I'm in the same boat no more bows. I did get a crossbow. PSE Tac 15.


----------



## Back Pack Hack (Sep 15, 2016)

Nikon, Mamiya, Pentax...........


----------



## Prepared One (Nov 5, 2014)

I have not shot a bow since I was a kid. Looking at a crossbow tho.


----------



## redhawk (May 7, 2014)

I no longer shoot compound bows due to my back but I purchased Barnett crossbow last year with the hand crank...very pleased with its accuracy.


----------



## csi-tech (Apr 13, 2013)

Crossbows are the way to go. The OP is conspicuously absent but I love my crossbow.


----------



## Economic Survivalist (Dec 21, 2016)

rstanek said:


> I haven't shot compound in many years, but thinking about investing in a crossbow. It's an age thing....

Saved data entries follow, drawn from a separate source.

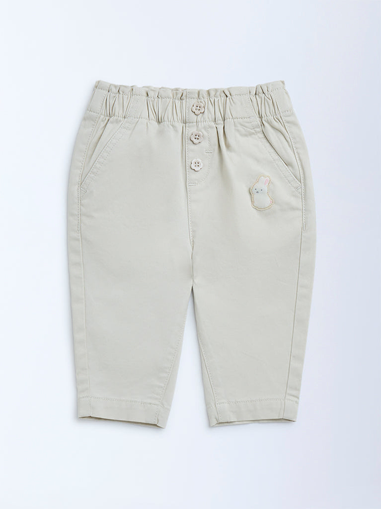 HOP Baby Beige High-Rise Cotton-Blend Pants
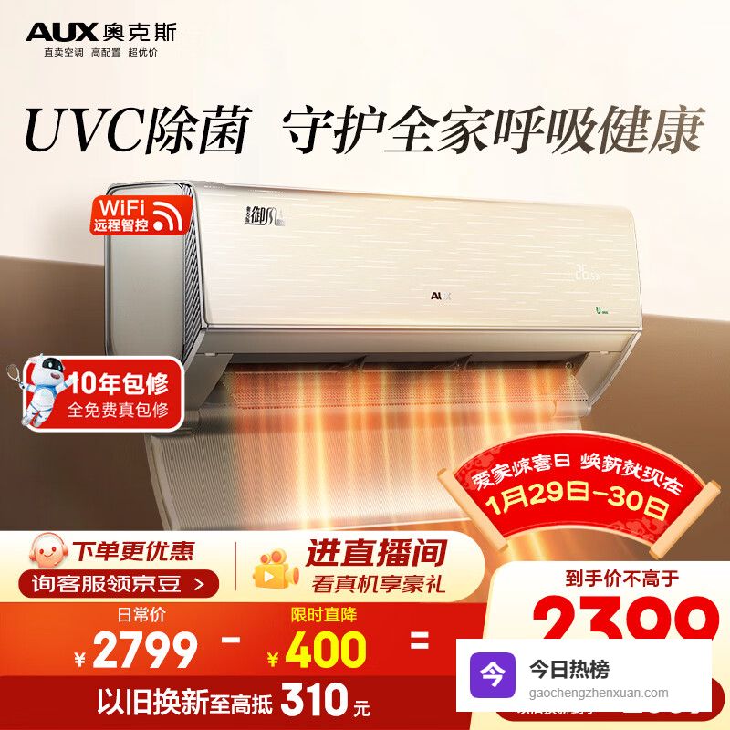 【京东自营】奥克斯空调御风Pro大1.5匹新一级能效变频冷暖铜管空调UVC除菌挂机国家补贴KFR-3¥
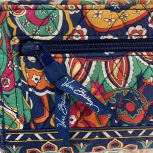 This Vera Bradley Turn Lock Wallet in the Venetian Paisley pattern is a retired and hard-to-find piece for women who appreciate unique and stylish accessories. Made of cotton material, this wallet features a zip-around design with credit card slots, making it both functional and fashionable. The multicolor paisley pattern adds a touch of flair to the wallet, making it a standout accessory for any outfit. Perfect for adding a pop of color and style to your everyday carry. The wallet measures approximately 7.75x4.5x1 inches.
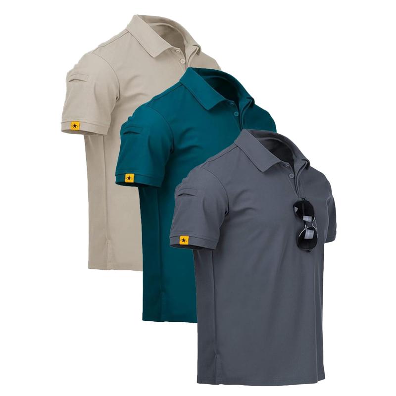 ZITY men's three-piece short-sleeve polo shirt set, suitable for sports, casual, and business wear.These crewneck tactical T-shirts add versatility to your wardrobe.Ideal for golf and everyday wear, this shirt combines style with function perfectly.
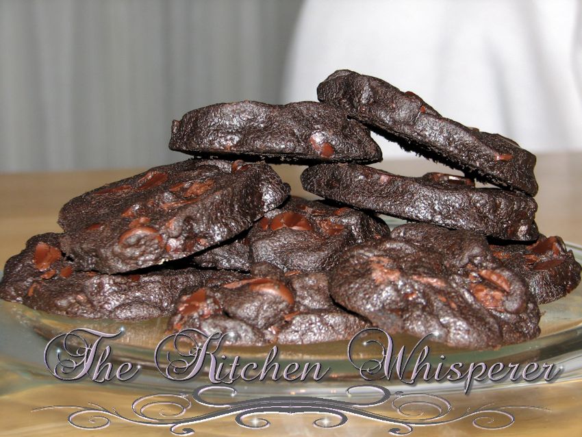 These cookies are the TRUE test of a chocoholic! Most of you love chocolate and some of you LOOOOOOOOOOVE chocolate but I’m telling you, these cookies will push you to the edge of Chocolate-dom! They aren’t quadruple loaded with chocolate or have 57 types of chips in it. It’s a simple recipe but the chocolate flavor is so ridiculously insane that it makes you step back and go “Whoa!” I’ve been only able to eat a 1/2 a cookie at a time and actually had to save the rest for later because they are that rich and decadent!

I have high hopes to shoot a 70# bow again but I cant seem to get there anymore. Not enough time to build up the strength. I am thinking my next purchase may go with 60# max so I am not tempted and hurt myself.


----------



## Economic Survivalist (Dec 21, 2016)

Its been a while but here in Washington state there have been tough restrictions on crossbow hunting. I should see if that has changed in recent years. I noticed more have come into the stores. I used to never see them.


----------



## Gunn (Jan 1, 2016)

Compound


----------



## Economic Survivalist (Dec 21, 2016)

csi-tech said:


> I have owned many bows. I started with a Bear Pony recurve, then a Bear compound, started hunting and bought a High Country perimeter weighted cam setup then bought a Bowtech Black Knight Dually. While I owned that one I compressed my shoulder between an oak and a 3 1/2 turkey load. That ended my compound days. Now I own a Parker Tornado Crossbow. I love it!
> 
> I was never brand loyal. So many people would own nothing less than a Mathews or a Hoyt. I went with the best warranty and value. If it launched carbons over 300' per second I was fine with it.

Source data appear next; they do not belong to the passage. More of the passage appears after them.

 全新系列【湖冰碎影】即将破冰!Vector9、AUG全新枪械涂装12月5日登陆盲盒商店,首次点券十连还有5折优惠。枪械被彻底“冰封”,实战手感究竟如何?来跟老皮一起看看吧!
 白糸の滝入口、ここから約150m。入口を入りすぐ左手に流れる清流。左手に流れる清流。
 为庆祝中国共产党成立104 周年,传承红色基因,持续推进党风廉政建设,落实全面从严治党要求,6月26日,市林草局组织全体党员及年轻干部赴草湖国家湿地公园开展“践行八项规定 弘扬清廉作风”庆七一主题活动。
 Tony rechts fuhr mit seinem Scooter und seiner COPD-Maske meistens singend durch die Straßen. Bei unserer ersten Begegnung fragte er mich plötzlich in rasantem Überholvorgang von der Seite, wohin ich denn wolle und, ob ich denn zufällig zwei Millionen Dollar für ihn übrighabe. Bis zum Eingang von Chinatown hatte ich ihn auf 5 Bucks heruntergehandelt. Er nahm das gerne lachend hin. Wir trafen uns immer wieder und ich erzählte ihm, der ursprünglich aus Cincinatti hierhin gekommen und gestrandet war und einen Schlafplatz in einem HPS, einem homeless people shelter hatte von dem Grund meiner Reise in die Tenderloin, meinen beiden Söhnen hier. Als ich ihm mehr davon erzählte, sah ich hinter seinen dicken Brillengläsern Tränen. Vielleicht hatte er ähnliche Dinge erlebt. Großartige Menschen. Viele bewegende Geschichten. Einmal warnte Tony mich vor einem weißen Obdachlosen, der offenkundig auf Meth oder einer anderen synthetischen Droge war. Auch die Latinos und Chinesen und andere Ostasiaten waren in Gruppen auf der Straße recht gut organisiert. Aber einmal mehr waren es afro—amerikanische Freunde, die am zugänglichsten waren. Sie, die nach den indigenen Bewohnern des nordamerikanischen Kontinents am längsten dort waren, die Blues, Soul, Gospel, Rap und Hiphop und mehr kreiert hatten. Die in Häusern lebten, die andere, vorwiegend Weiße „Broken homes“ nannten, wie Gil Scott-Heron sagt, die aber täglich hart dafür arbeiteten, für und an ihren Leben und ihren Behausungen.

Its all about personal preference. My first bow was PSE at 12. Then a martin. I liked both. I have never shot a matthews that agreed with me. I shoot Bowtech and Prime the best.


----------



## Kauboy (May 12, 2014)

My first bow was a Martin Black Panther compound. I think I was 15?
I could nail anything with that bow. Still have it, but haven't shot it in years.
My second bow was a handmade(by me) red oak/poplar "board bow" with ~40# draw weight.
My third was another handmade(by me) red oak/poplar "board bow" with ~50# draw weight, and no backing. (my favorite so far)
I made three others that went to friends/family. (red oak/cedar, red oak/marblewood, red oak/purpleheart)
My fourth is currently unfinished. Hickory "pyramid" style with paduk and maple grip and nocks.
It's still on the tiller. Been there almost 3 years now. I've just not had the time or motivation to finish it. It should finish out somewhere in the 70# range... eventually.

I think I have a thread on here somewhere, showing them off. I'll search around...

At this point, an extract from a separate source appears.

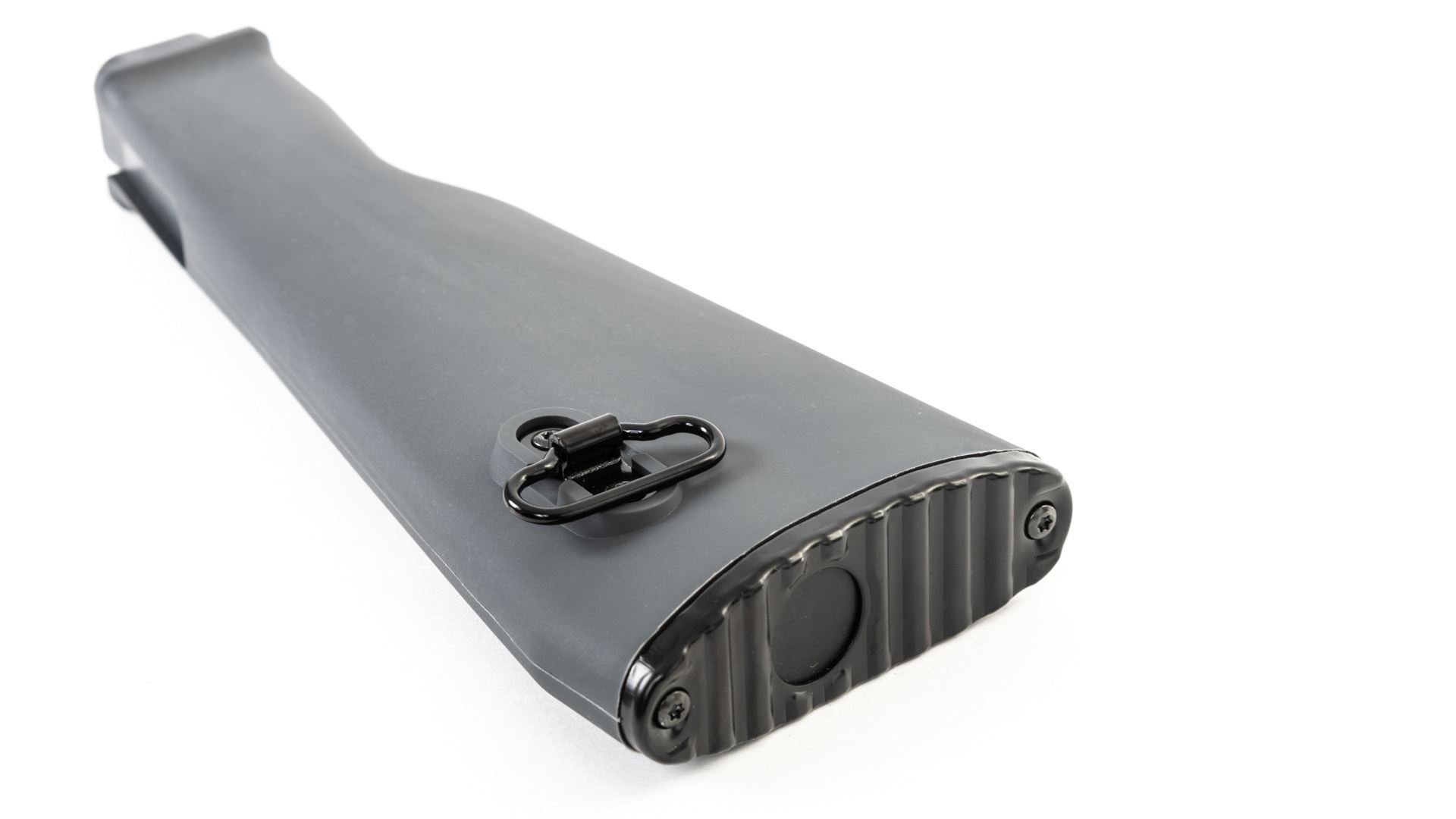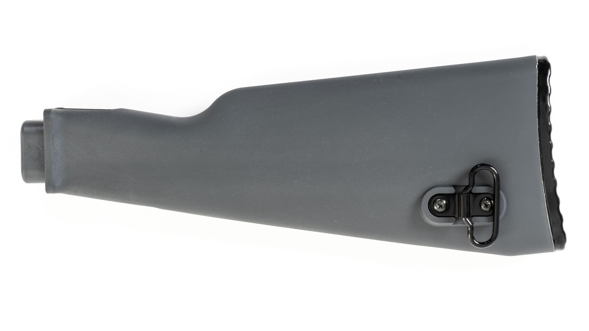 Gray polymer buttstock for milled receiver intermediate length with trap door for cleaning kit compartment. USA manufactured by Arsenal Inc.

EDIT: I guess I mis-remembered. Must have been on another site somewhere.


----------



## Economic Survivalist (Dec 21, 2016)

Hats off to you! I would love to see them.


----------



## Kauboy (May 12, 2014)

Economic Survivalist said:


> Hats off to you! I would love to see them.


First one I ever made:
1st finished red oak bow

Group of roughed out "blanks":









Close-up on the grips:








(my 2nd, one for adult friend, originally for child but ended in utter failure *KABOOM*, current unfinished hickory bow, concept I'm not sure will ever work, but pretty!)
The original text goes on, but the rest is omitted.